Entire life has remained in a truck running all over. In my very first 35 years we were a group that helped each other and stranded vehicle driver. All of us had an oath that if we were faced with hitting a car or running the truck of the road, we would do the later on, all of us knew what occurred when a 40 ton truck hits a 2000 lb automobile. Much of my good friends trashed their trucks and some passed away over that oath. I never had a doubt in my life I would do the same, the circumstance simply never occurred to me.
I had a close friend through no fault of his own ran over a cars and truck that ran under his bumper. I saw him deteriorate to absolutely nothing from the guilt of what he saw up until he killed himself. It was Not his fault but I comprehend the regret he experienced when he got out to help and just found bodies. I have actually experienced it myself many times when I stopped to assist at a wreck when I was the only one around.
Thats all altered in the last a number of years. The old days are gone and im simply a dinosaur that don’t understand how to stop and get a life. When I see somebody requiring aid I feel its my duty to do what ever I can. I was a therapist for 3 years and 9 months while going to college in the early 80 s at a drug rehab and I went to school nights and run 2 regional loads in the evening to support my family. I saw so much turmoil through these individuals, some dedicated suicide, some suicide by cop. I had my own problems in life with drugs to stay awake and truck 3 days at a time up until I began seeing things that weren’t there on the highway.
The rehab put me in charge of the suicide hotline and I was damn good at it. I had actually seen so much in the years prior to. I dealt with social workers, the bleeding hearts of the world. I resented them for it. I told it like it was. None of my customers ever went there. I understood and never ever let them suck me in with their tears. I typically had them making fun of how long-term the idea was for a short-term scenario, and joked about it.
Well later I began seeing it. I ran best in the evening when the air was thin and dark. One morning about 1am in Reno Nevada I pulled in to fuel up and saw a driver being in the TV room alone bubling tears. I remained in a hurry to get to San Franscisco, but this guy was desperate, I asked if he was OK, we were the only motorists around. He wanted to get ran over in the lot by a big truck. It was his first trip out of California, stopped and began betting in the casinos, lost all his money and his bosses cash, offered his fuel and tires to gamble more. I did the very same thing my very first trip thru Nevada. Anyhow I recommended he wait till 9am call his boss and inform him what he did, in charge would send cash to the truckstop for fuel and tires to get back, then his employer would kill him. He looked at me a minute then laughed his butt off. I understood he was okay and left.

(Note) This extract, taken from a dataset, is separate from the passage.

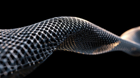 Close up view of flowing metallic mesh structure, showcasing intricate patterns and smooth, wavy form. design emphasizes modernity and innovation, with sleek appearance against dark background

We are not alone on this world, all of us have desperate issues sometimes. I have found out if we take some time to help somebody in problem, our life on this rock becomes simply a little better. Easier. No one gets thru life unharmed. The most important thing we can do is assist those who need it and going on down the pike. I pulled 2 women who turned over in a snowbank in front of me near Buffalo NY. No one could see them there I was the only one who saw it. I had a 14 ft broad load and understood it was dangerous, pulled over and cut their seat belts and assisted them into my semi and call the police officers on the cb radio. The police officer put them in his automobile and gave me hell for stopping.
Great with me, I understand whats right or incorrect. I could not reside in my own skin if I hadnt assisted when I was needed, these things can not be taught, the have to be experienced. I know life moves quick, however not too quick to give a minute to help a stranger to their feet. Its not a huge deal to us, but that person will assist another and so on. Envision if all of us simply gave a minute how much better the world would be.